Introduction: Raw Coconut Piña Colada
Making a frozen cocktail can be more fun than a store bought mix.
This is how instructables does Piña Colada.
Step 1: Ingredients
Rum is the alcohol. Traditionally ligh rum.
Pineapple. Frozen illuminates the need to add ice.
Ice. If you are doing pineapple juice, fresh pineapple, or in case the consistency of off.
Sugar. This is a sweet frozen drink.
And of course coconut.
Step 2: Open the Coconut
There are many great instructables for opening up a coconut. If you need extra help check them out.
But basically you still two holes in to it, pour the water into a glass (save for late), and then cleave, saw, or break with a hammer.
Then scoop out the meat.
*There will be a brown skin attached. You can shave this off with a potato peeler. Or just leave it. It won't hurt you or affect the flavor.
Step 3: Blend Coconut
place the meat in a blender with the reserved coconut water.

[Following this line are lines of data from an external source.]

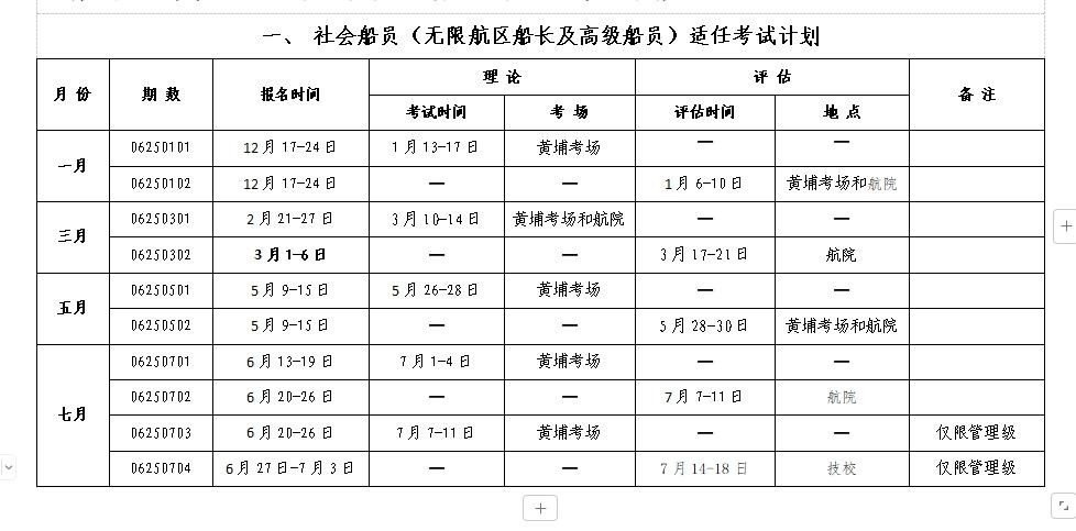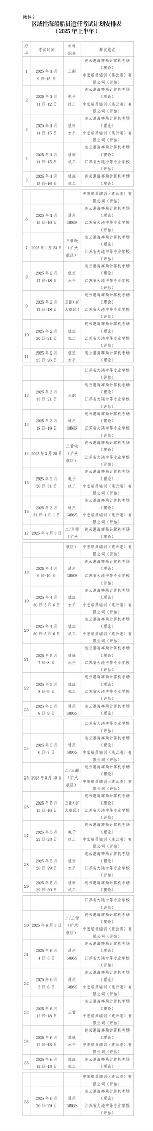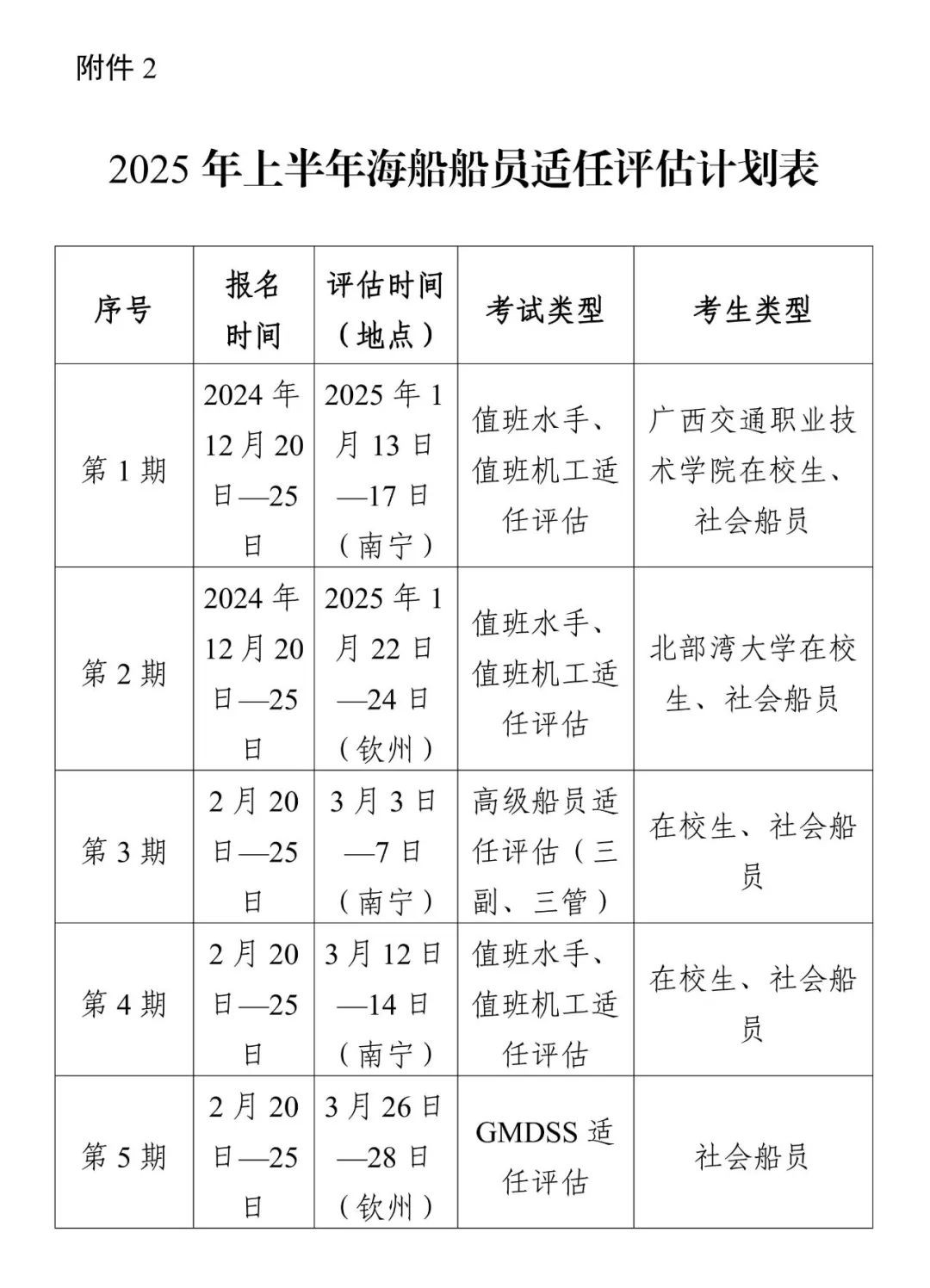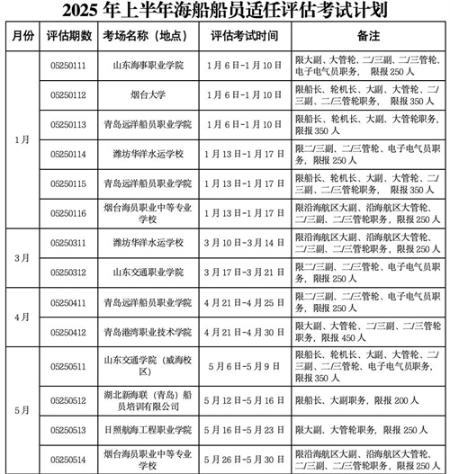 (二)海船高级船员适任评估时间和地点安排详见“2025年上半年海船船长和高级船员适任评估时间安排表”(附件第二项)。
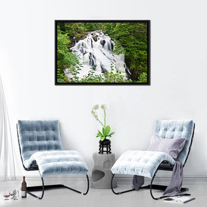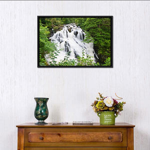 This canvas art captures the serene beauty of Betws-y-Coed's waterfalls, framed by lush forests and rugged rocks. The natural palette of greens, whites, and browns evokes a calm, dynamic atmosphere, making it a lovely addition to any nature-inspired décor.
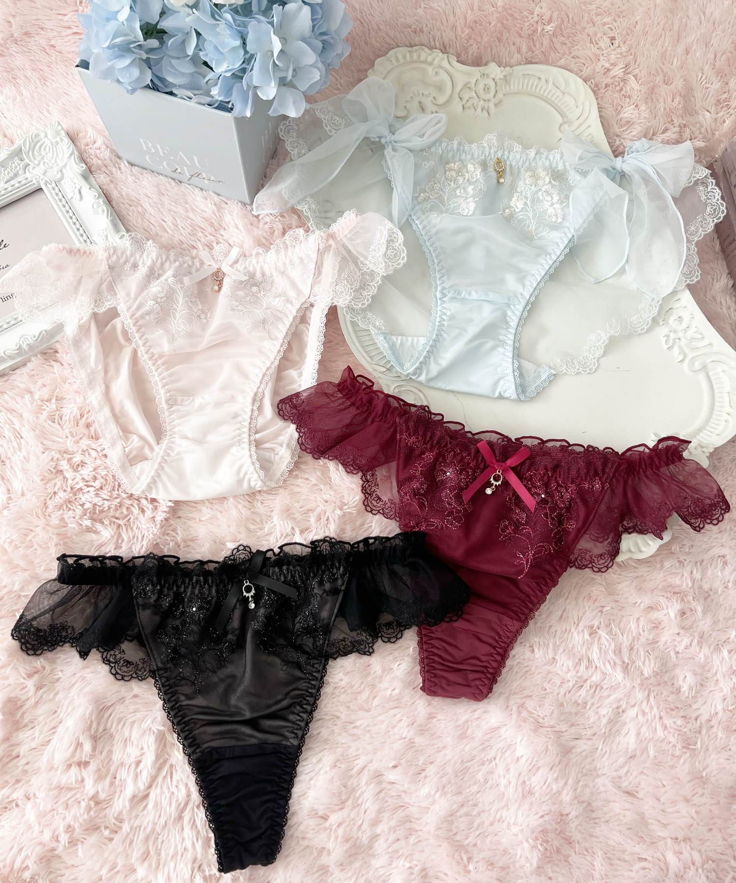 ふんわり大きなチュールリボンのショーツ。ブラジャーとのコーディネートもお楽しみ頂けます。
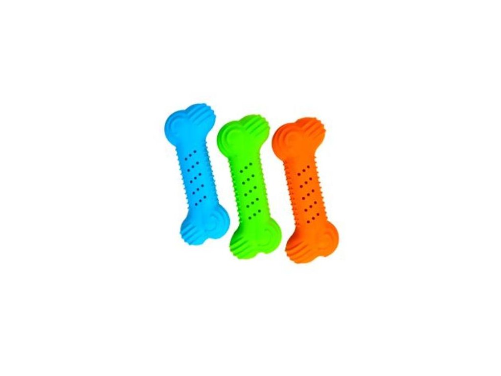 Hračka pre Vášho psa. Hračka kosť je vyrobená z pevnej gumy, pri zakúsnutí vydáva praskavý zvuk. Dodáva sa v mixu troch atraktivnych farieb (modrá, oranžová a zelená) Rozmer: 55 x 35 x 140 mm.
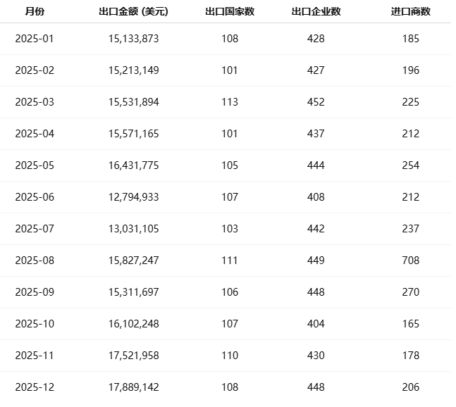 相比之下,6–7月因国际航运紧张及成本上升,出口额短暂回落。总体走势稳健,全年保持在 每月1,500–1,700万美元 区间。
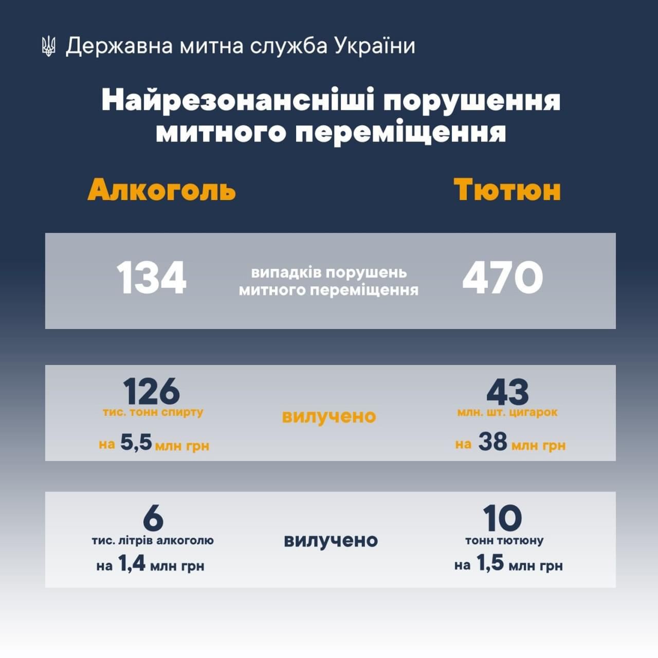 Також упродовж січня – серпня 2020 року виявлено 134 випадки порушень митних правил при переміщенні спирту та алкогольних напоїв. Загалом вилучено понад 132 тис. л спирту та алкогольних виробів на загальну суму майже 7 млн. грн. (126 тис. л спирту на суму 5,5 млн. грн і 6 тис. л алкогольних напоїв на суму понад 1,4 млн. грн).
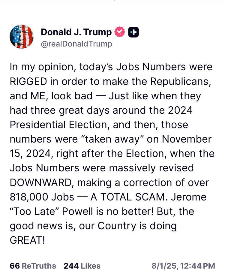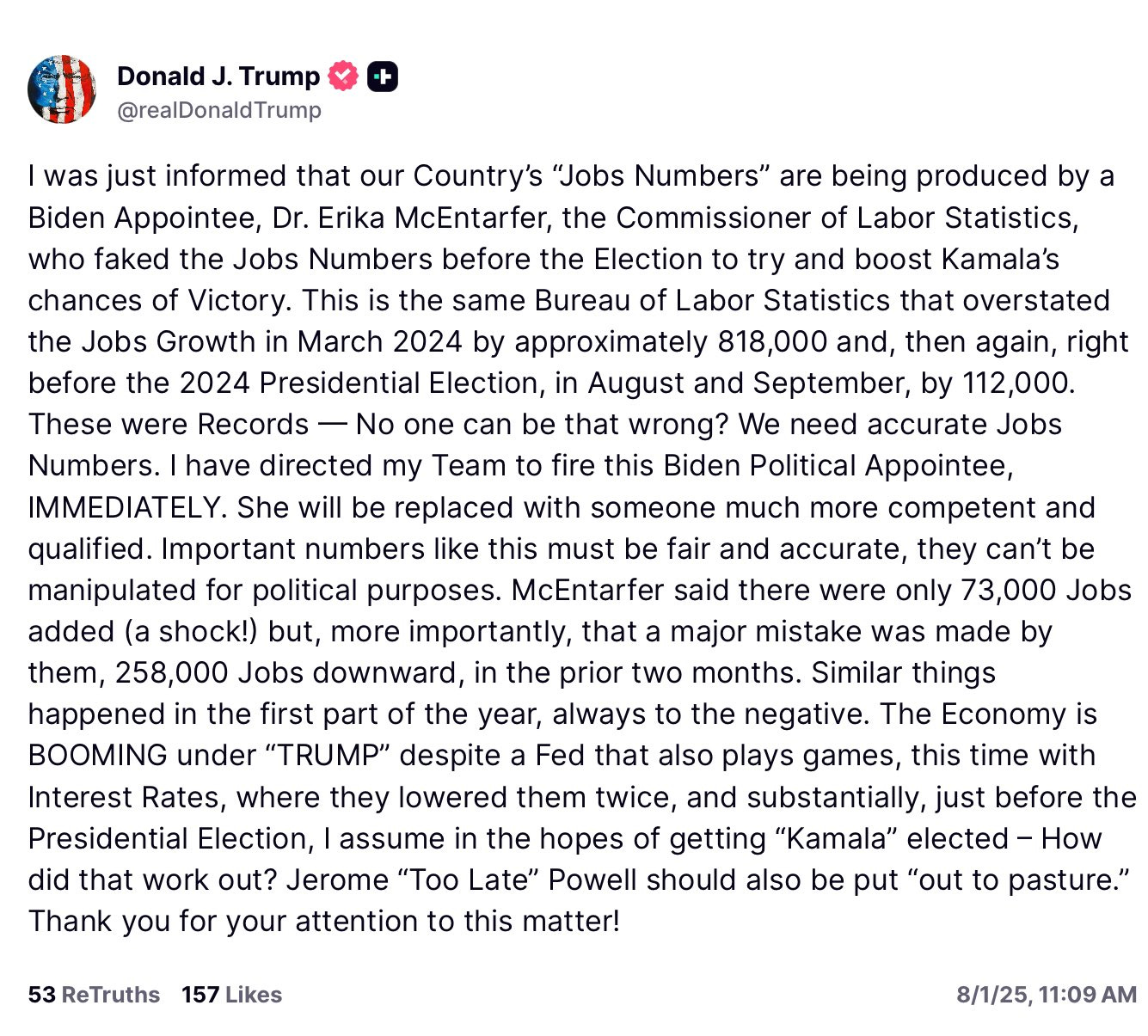 In a Truth Social post, Donald Trump accused, without evidence, her of faking employment figures before last year’s election to help Kamala Harris, and manipulating current numbers for political reasons. He announced her immediate firing, calling her a “Biden Political Appointee” and stating she would be replaced with someone “more competent and qualified,” adding that “important numbers like this must be fair and accurate, they can’t be manipulated for political purposes.”
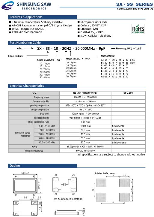 - 產(chǎn)品描述:新松晶振,SX-SS晶振,SX-SS-10-20HZ-20.000MHz-9pF晶振,貼片石英晶體,體積小,焊接可采用自動(dòng)貼片系統(tǒng),產(chǎn)品本身小型,表面貼片晶振,特別適用于有小型化要求的電子數(shù)碼產(chǎn)品市場(chǎng)領(lǐng)域,因產(chǎn)品小型,薄型優(yōu)勢(shì),耐環(huán)境特性,包括耐...
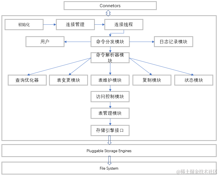负责监听对客户端向MySQL Server端的各种请求,接收请求,转发请求到目标模块。每个成功连接MySQL Server的客户请求都会被创建或分配一个线程,该线程负责客户端与MySQL Server端的通信,接收客户端发送的命令,传递服务端的结果信息等。
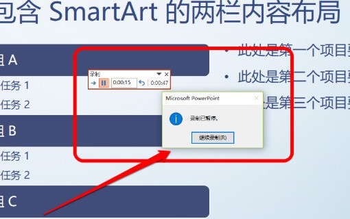 8.在设置过程中,您可以选择暂停幻灯片的设置。
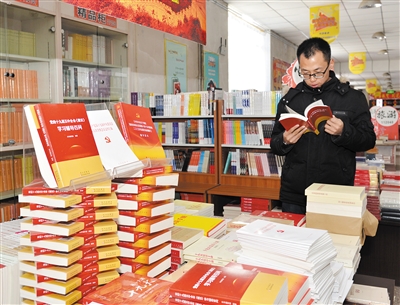 12月14日,记者在新华书店见到,该书店大厅最显著位置专门设置了学习贯彻党的十九届五中全会精神相关书籍销售展台,摆放了多种党的十九届五中全会文件及辅导读物,吸引了各行各业人员前来购买。 本报记者 戎禹仁摄
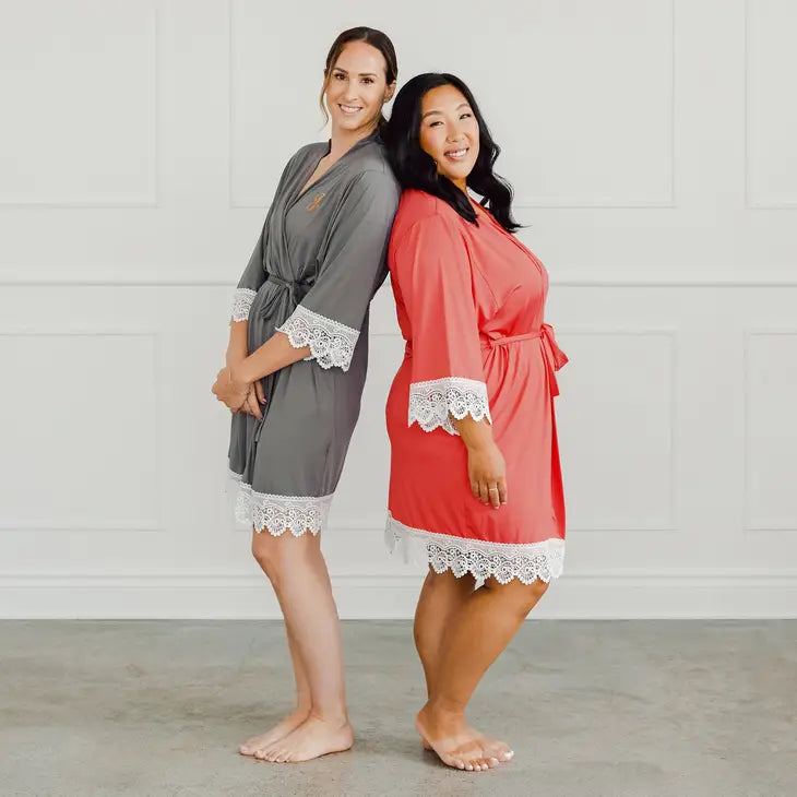 Wrap yourself and your best bridesmaids in a soft personalized jersey knit robe with white lace trim, perfect for wedding day festivities. Designed with a relaxed fit and an easy tie sash belt, you'll be stylish while getting ready in this custom dressing gown. Add an embroidered monogrammed initial to make each lightweight kimono extra special for the women in your bridal party. Made from luxury, stretch knit jersey polyester, and available in many pretty colors such as white, you will be sure to find the perfect shade for your bride tribe.
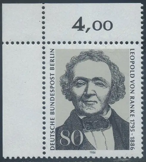 BERLIN 1986 Michel-Nummer 759 postfrisch EINZELMARKE ECKRAND oben links - Leopold von Ranke, Historiker
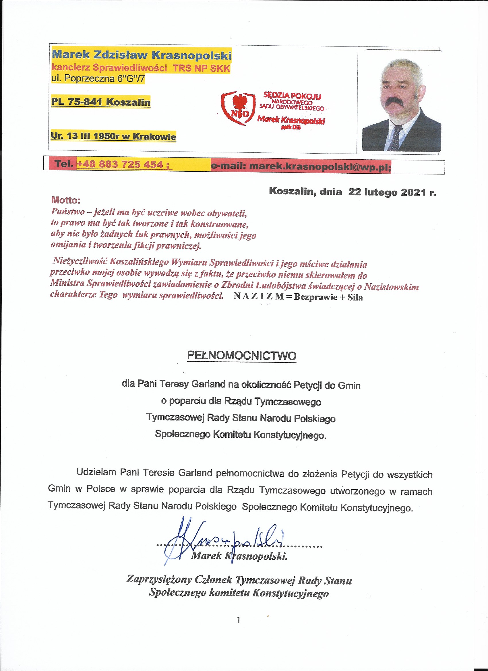 2021 02 22 Piotr Smolana Pełnomocnictwo-1.pdf 2021 02 24 Marek Krasnopolski Pełnomocnictwo-1.jpg D170 2021 02 23 Petycja ws poparcia dla Tymczasowej Rady Stanu NP SKK-1.pdf |
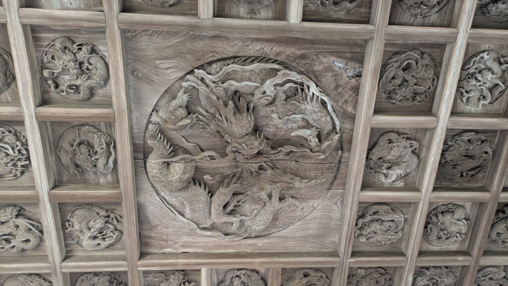 天気にも恵まれ、こうした伝統行事にほっとします。私にとって何より邪気を払うのは、同社向拝天井の初代後藤義光作「百態の龍」。鬼も怖がって近づきません。
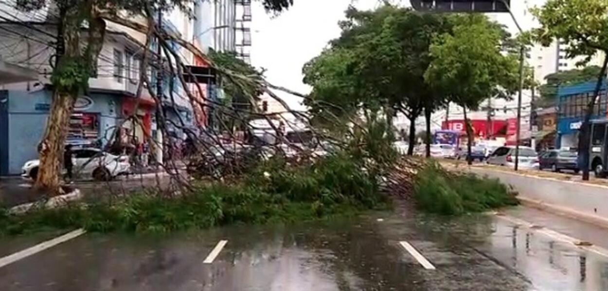 O temporal causou queda de árvores, alagamentos, transtorno no transporte público e fechamento de aeroporto

Blend on high, adding more water as needed to get it to a smooth puree.
Step 4: Strain the Milk
Strain the pulp out of your coconut milk.
I have a great funnel with a strainer built in that I got from a beer making supply store.
This will be thick so do it in batches and use a spatula to extract all of the milk.
*You can also use cheese cloth and squeeze the milk out that way.
Step 5: Blend Together
Blend your milk, pineapple, rum, and sugar, adding ice as you need until desired consistency is reached.
*Amounts is up to you. I was making for four so I used the whole bag of frozen pineapple, two coconuts, and four shots of rum.
Step 6: Garnish
Just because we are at home in our pajamas, doesn't mean we can ad a touch of class to out frozen cocktail.
Thaw one piece of the pineapple and slice halfway through. Place on the rim left he glass.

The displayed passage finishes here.